Chapter 65
Red blurred Slade’s vision at the sight of Phoebe’s injured leg and Ross looming over her, her discharged pistol on the ground a few feet away.
Bloodthirsty rage howled through his veins.
An unimaginable roar cracked the air. It took Slade a split second to realize he’d made the ungodly sound.
He dragged Ross away from Phoebe and slammed him down on the ground.
When he’d heard the shot minutes ago, his only thought had been for Phoebe.
Propelled by an instinctual inferno in his belly to protect the woman he loved, Slade slammed his booted foot into Ross’s head.
Ross dodged the second kick, rolled and jumped up, blinking from Phoebe to Slade, realization and a lewd smile twisted his lips apart, revealing bloodied teeth.

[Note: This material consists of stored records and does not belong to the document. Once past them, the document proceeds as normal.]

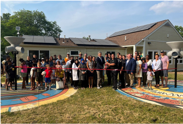
FIGURE 3. Bryant Community Center Resilience Hub (Ann Arbor, Michigan)
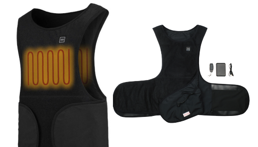
Boss® Therm™ Heated Vest Kit
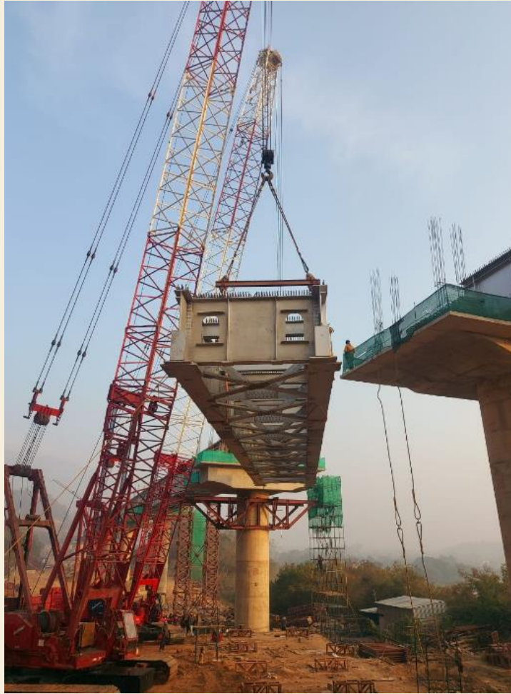
Fig 2: Launching for Span 30.5 m Straight at Bridge-4, RVNL BBB Project, supervised by KRCL Engineers.
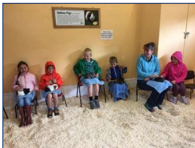
Down at the farm
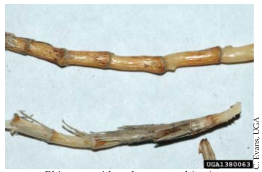
Rhizomes with scales removed (top) and intact (bottom)
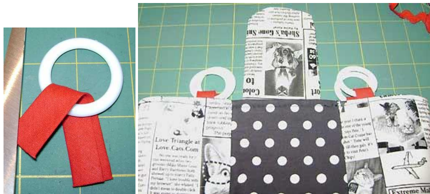
Add rings \frac{5}{8} " out from center panel (polkadots panel)
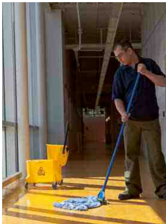
26 – 32 qt
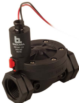
External pilot control
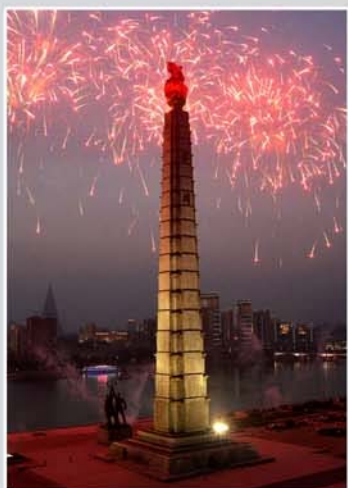
Back Cover: Firework display on July 6, 2017
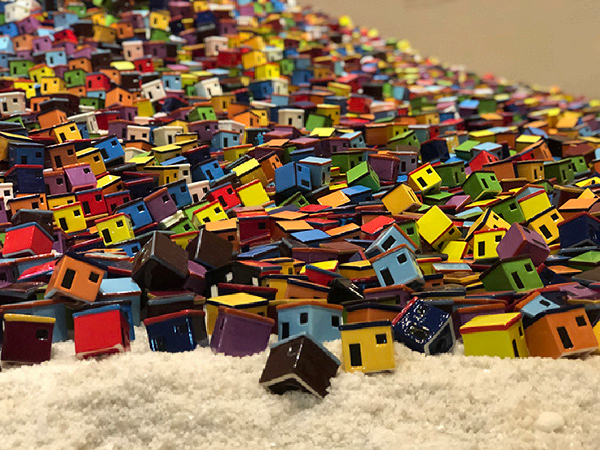
'Fata Morgana', A Stitch in Time exhibition, Beijing
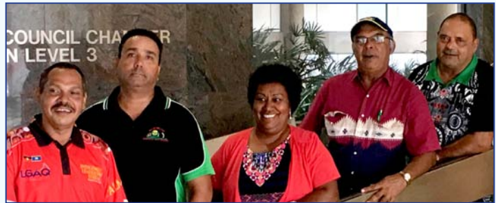
Palm Island Councillors meeting with other Councils in Cairns last month.
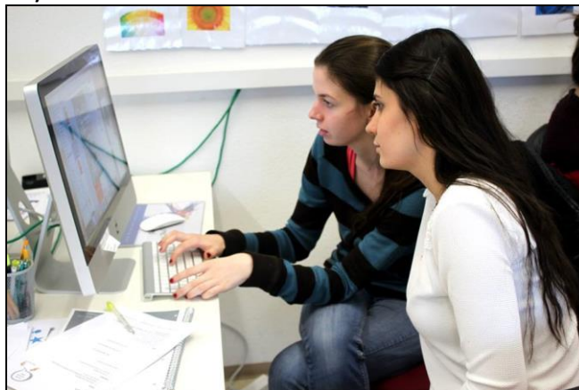
Volunteer and youngster working at the computer

We ask for your understanding: Only European Union or European Economic Area residents may apply. Due to project approval criteria, we can only accept volunteers in this placement who do not require a residence permit for 12 months in Austria. We ask you for your understanding for this project-related necessity.
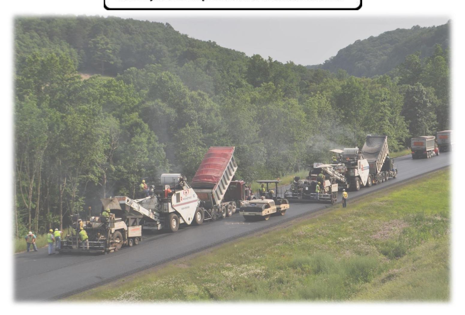
Registration Opens November 8, 2021

Pennsylvania Asphalt Pavement Association
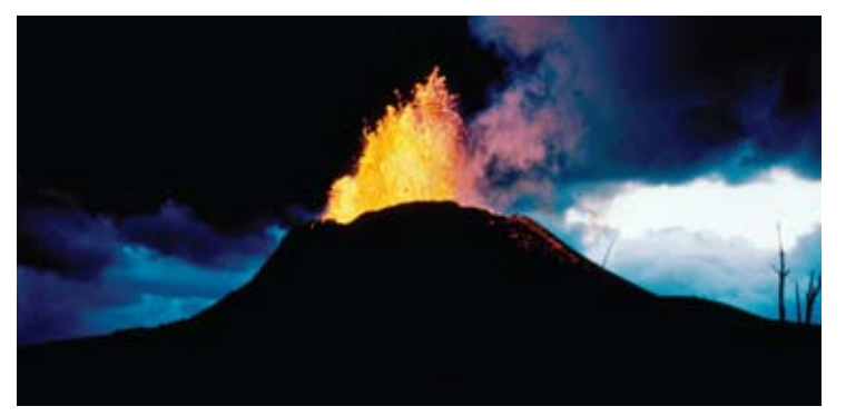
Volcanic Organic Gas (VOG) eruptions have been associated with respiratory complaints in Hawai'i and are one area of active study by RMATRIX investigators.

"It is somewhat overwhelming," said Dr.Shiramizu. "But understanding and addressing these health outcome disparities in our multicultural setting will help our nation as a whole answer why some diseases are more prevalent in minority populations and what can be done to reduce the burden of these diseases."
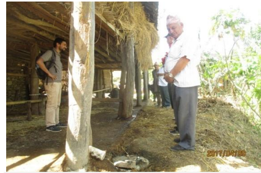
Improved Livestock Shet, Sindhuli

Municipality Ward No. 2 & 3 (Previously known as Bhimsthan VDC) has adopted a total of 150 Improved Cooking Stoves (ICS) and a few biogas plants, underwent environmental awareness training and implemented improved cattle sheds. Priority of the support was given to poorest of the poor sections of the society.

“You know I’ve had her before you?”
Slade growled at Ross, just as Ross’s right leg came at Slade.
The first kick sent a shock of pain through Slade’s side.
He gritted his teeth, too focused on ending Ross to care.
He was ready for the second kick. He entrapped Ross’s right thigh to keep him unbalanced and in place as he punched Ross’s face.
Again, and again. Ross angled his elbows in a defensive position, causing Slade to drop his leg and to step to Ross’s rear.
He grabbed Ross’s waist from behind, heisted him up and slammed him down with an ear-piercing crash.
Slade hovered over Ross, his breath coming hard and fast like a growling beast, his usual patience and methodical nature shredded. He held back from punching and kicking Ross until the man’s body was a bleeding mass of skin and bones, even though that’s all he wanted to do.
“I learned something about you from Colonel Wilfred Owens.” Slade snarled at Ross.
“You spoke … spoke to my Colonel?” Ross asked, his voice shaking, contempt twisting his face.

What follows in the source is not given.